Here is where I'm stuck: Why is it that the relative degree of $\mathfrak{p}$ in $E/k$ (I take this to mean $[\mathcal{O}_E/\mathfrak{P} : \mathcal{O}_k/\mathfrak{p}]$ with $\mathfrak{P}\cap k = \mathfrak{p}$) equal to the order of $\mathfrak{p}$ in $(I_{\overline{\mathfrak{p}}}/S_{\overline{\mathfrak{p}}^2})_p$?
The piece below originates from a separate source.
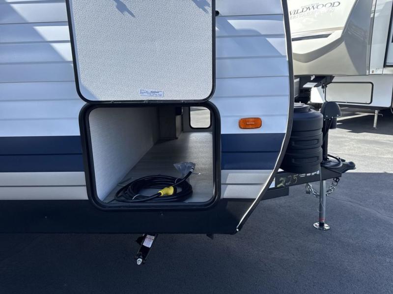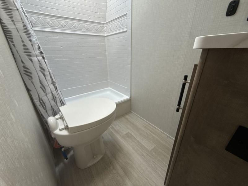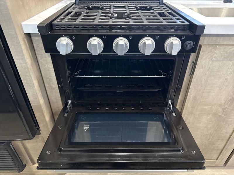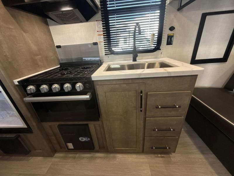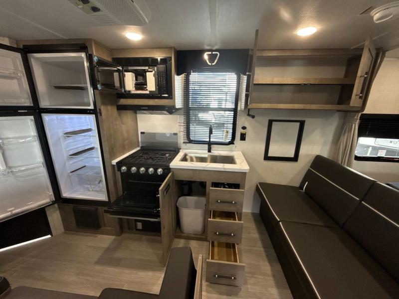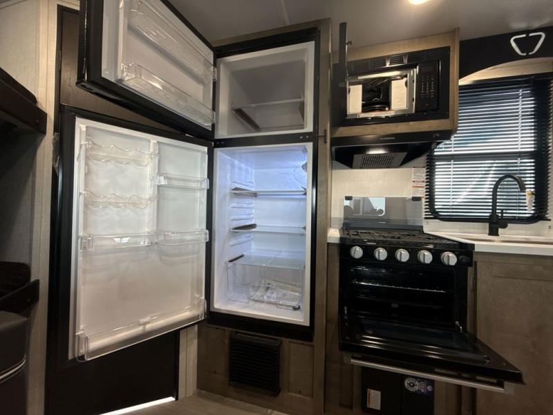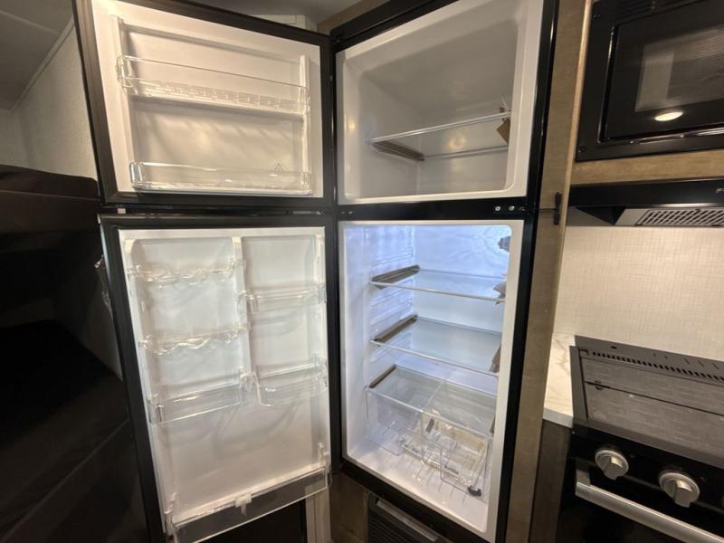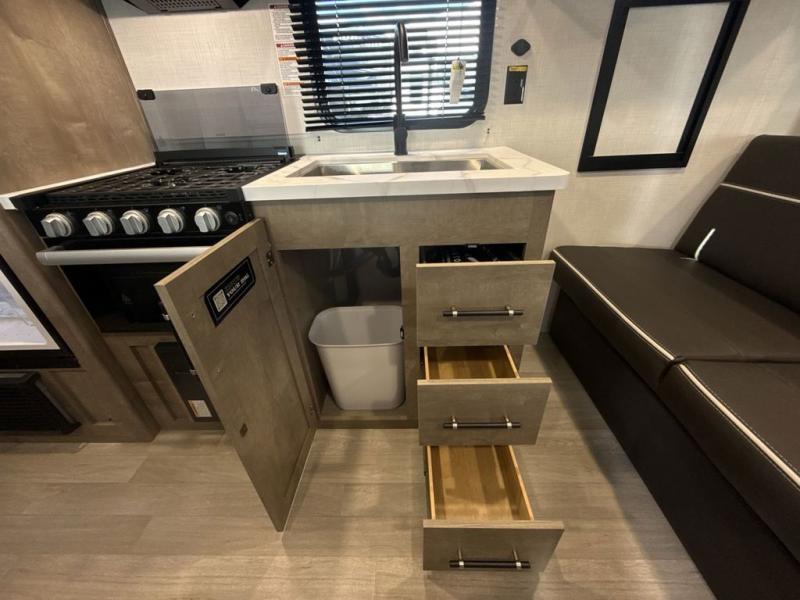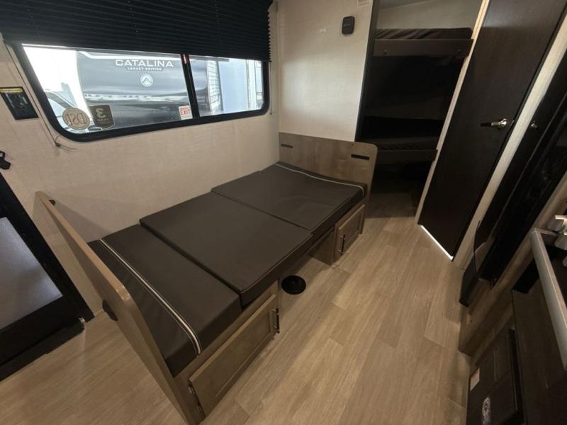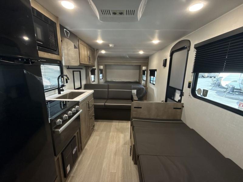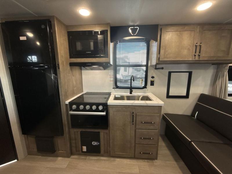 This cute Springdale Mini bunk model will easily sleep seven with the double-size bunks, booth dinette, and queen Murphy bed which features a fold-down sofa at the end. During the daytime, you can have the seating you need and want, and at night the sofa folds to become part of the front bed. The rear corner bath is convenient and features a tub, toilet, and sink. The kitchen is fully equipped to allow you to cook as you travel, and you can enjoy meals while under the 15' power awning.
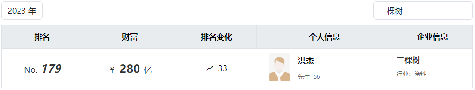 10月24日,2023胡润百富榜发布。三棵树董事长洪杰,以280亿元的财富,蝉联涂料行业首富,排名比去年又上升了33位。

I will try to restate The Phoenix's comment and fill in some more details. Let $\mathfrak{P}$ be a prime in $\mathcal{O}_E$ above $\mathfrak{p}$. Denote $Z = Z(\mathfrak{P}/\mathfrak{p})$ and $T = T(\mathfrak{P}/\mathfrak{p})$ to be the decomposition and inertia subgroups of $Gal(E/k)$ respectively. By assumption $\mathfrak{p}$ is unramified in $E$ so that $T(\mathfrak{P}/\mathfrak{p})$ is trivial. From the exact sequece \begin{align} 1 \to T \to Z\to Gal((\mathcal{O}_E/\mathfrak{P})/ (\mathcal{O}_k/\mathfrak{p}))\to 1 \end{align} we have that $Z \cong Gal((\mathcal{O}_E/\mathfrak{P})/ (\mathcal{O}_k/\mathfrak{p}))$. Now, $Z$ is cyclic and generated by the Frobenius automorphism $\sigma_{\mathfrak{p}}$ which is determined by $\sigma_{\mathfrak{p}}(x) \equiv x^{N(\mathfrak{p})} \pmod{\mathfrak{P}}$, where $N$ is the norm from $k$ to $\mathbb{Q}$, which is equal to $p^f =p^{ [\mathcal{O}_k/\mathfrak{p}:\mathbb{Z}/p\mathbb{Z}]}$. From Gold we have the isomorphism $Gal(E/k) \cong (I_{\overline{\mathfrak{p}}}/S_{\overline{\mathfrak{p}}^2})_p$ which is induced by the Artin map sending $\mathfrak{p}$ to $\sigma_{\mathfrak{p}}$. But then the order of $\mathfrak{p}$ in $(I_{\overline{\mathfrak{p}}}/S_{\overline{\mathfrak{p}}^2})_p$ is the order of $\sigma_{\mathfrak{p}}$ in $Gal(E/k)$, which is in turn the order of the image of $\sigma_p$ in $Gal((\mathcal{O}_E/\mathfrak{P})/ (\mathcal{O}_k/\mathfrak{p}))$ which is $[\mathcal{O}_E/\mathfrak{P}:\mathcal{O}_k/\mathfrak{p}]$.